One year ago we editorialized about actions taken by government to make roads less safe (“Traffic offenses,” June 6, 2013). We commented on how stoplights at the bottom of on-ramps make it impossible for drivers to get up to speed in order to safely merge into freeway-speed traffic and how this hazardous situation is going to get someone killed. And we drew attention to the way traffic officials distract drivers from the road. It’s this last problem that we return to now.

Go to the website of the Nevada Department of Motor Vehicles and you can read this: “With more portable technology now than ever, driver distractions have risen to unprecedented numbers. But cell phones aren’t the only problem. Drivers can be distracted by eating and drinking, grooming, tuning the radio or even talking to passengers. Anything that takes a driver’s attention from the road is a potential hazard.”

Such as, for example, those digital reader-boards the state puts up on area freeways.

First, there is the problem of those boards along the side of the freeway that tell drivers how many minutes away from various places they are. We repeat, how much value is there in a valley this compact to know that we are three minutes away from the airport? Enough value that it’s a good idea to draw the driver’s eyes off the road?

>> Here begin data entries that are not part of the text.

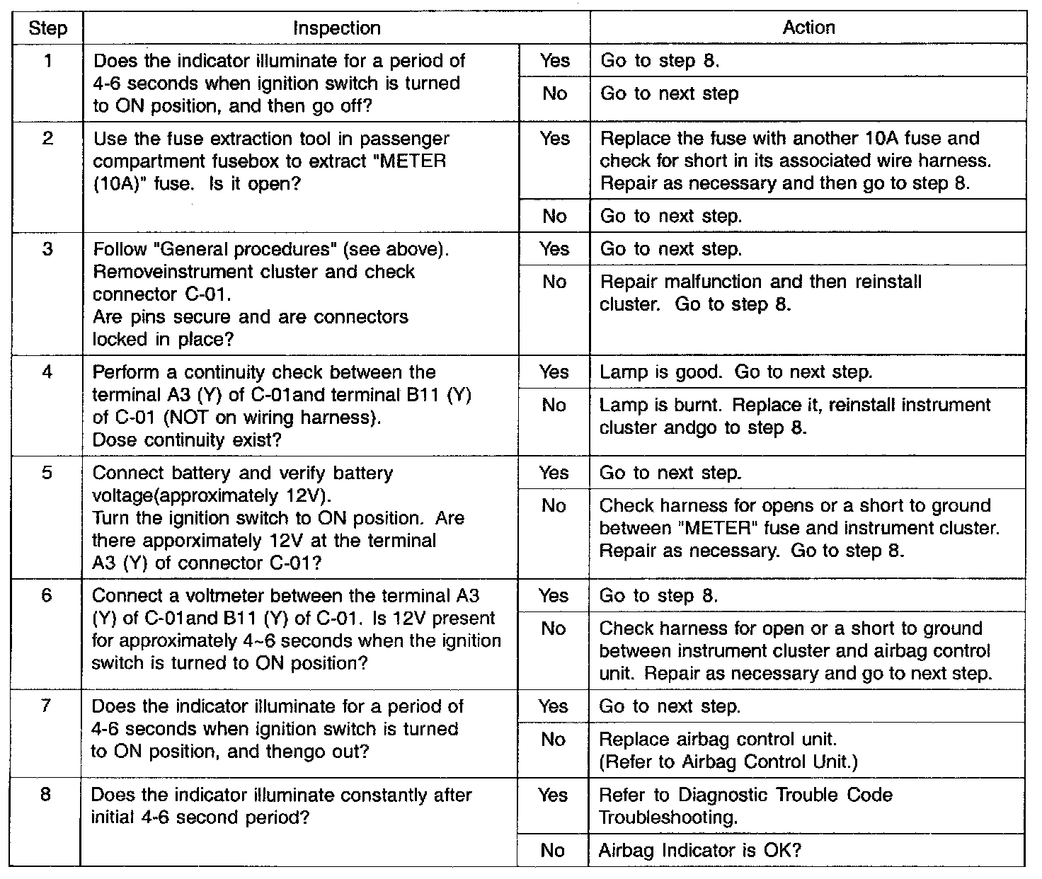 6. Verify that airbag indicator illuminates for 4 - 6 seconds and then goes off.
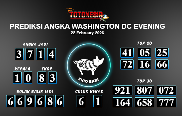 Toto Nesia : Bocoran Prediksi Togel WASHINGTON DC EVENING Tanggal 22 FEBUARI 2026
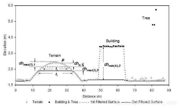 在第二次迭代中假设上一次滤波表面和本次滤波表面的最大高程差为dhmax(t),2,则如果dhmax(t),2 < dhT,2,则高程差值在dhmax(t),2范围内的地面点都会被保留。类似的,假设在上次迭代和本次迭代之间建筑高程差值最小为dhmin(b),2(通常近似为建筑的高度),如果dhmin(b),2 > dhT,2,则建筑就会被移除。
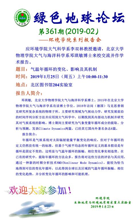 绿色地球论坛第361期(2019-02) ——18小说 系列学术报告会 题目:气温年循环的变化、影响及其机制 时间:2019年1月25日(周五)10:00—11:30 地点:北区图书馆204实验室

Second, and worse, there are the reader-boards over the freeway. These can and should serve a good purpose when there is urgent information to post to drivers about road conditions such as hazardous winds or chain requirements. But they are seldom used for that purpose. Here are some of the much more common messages they have borne:

LEAVE SOONER/ DRIVE SLOWER/ LIVE LONGER

WILDFIRES HAPPEN/ REDUCE THE FUEL/ REDUCE THE RISK

EXPECT MOTORCYCLES/ LOOK TWICE

EMBRACE LIFE/ BUCKLE UP

These aren’t urgent messages. They are barely messages. They are advertising slogans, of limited utility, and dangerous when they haul the eyes of drivers away from the rear end of that about-to-brake car ahead.

Some of them messages actually require time to absorb and understand and, perhaps, to grab a pencil and write down:

RIDE RTC FREE/ ST PATRICK’S DAY/ 4 PM TO MIDNIGHT

FREE TRANSIT DAY/ JUNE 19/ BUS BIKE OR WALK

Here’s one of the more interesting messages we’ve seen: NO TEXT/ IS WORTH/ THE RISK. Except, apparently, the text posted by government over the freeway to endanger our lives.

Then there’s this one: BE ALERT/ BE AWARE/ BE ALIVE. That may not be possible with these messages overhead to keep drivers alert to the wrong things and put them in life-threatening situations.

These messages, whatever good purpose they are intended to serve, do serve a very dangerous purpose and they should be done away with. Unless there is a genuinely pressing message needing attention on these reader-boards, leave them dark.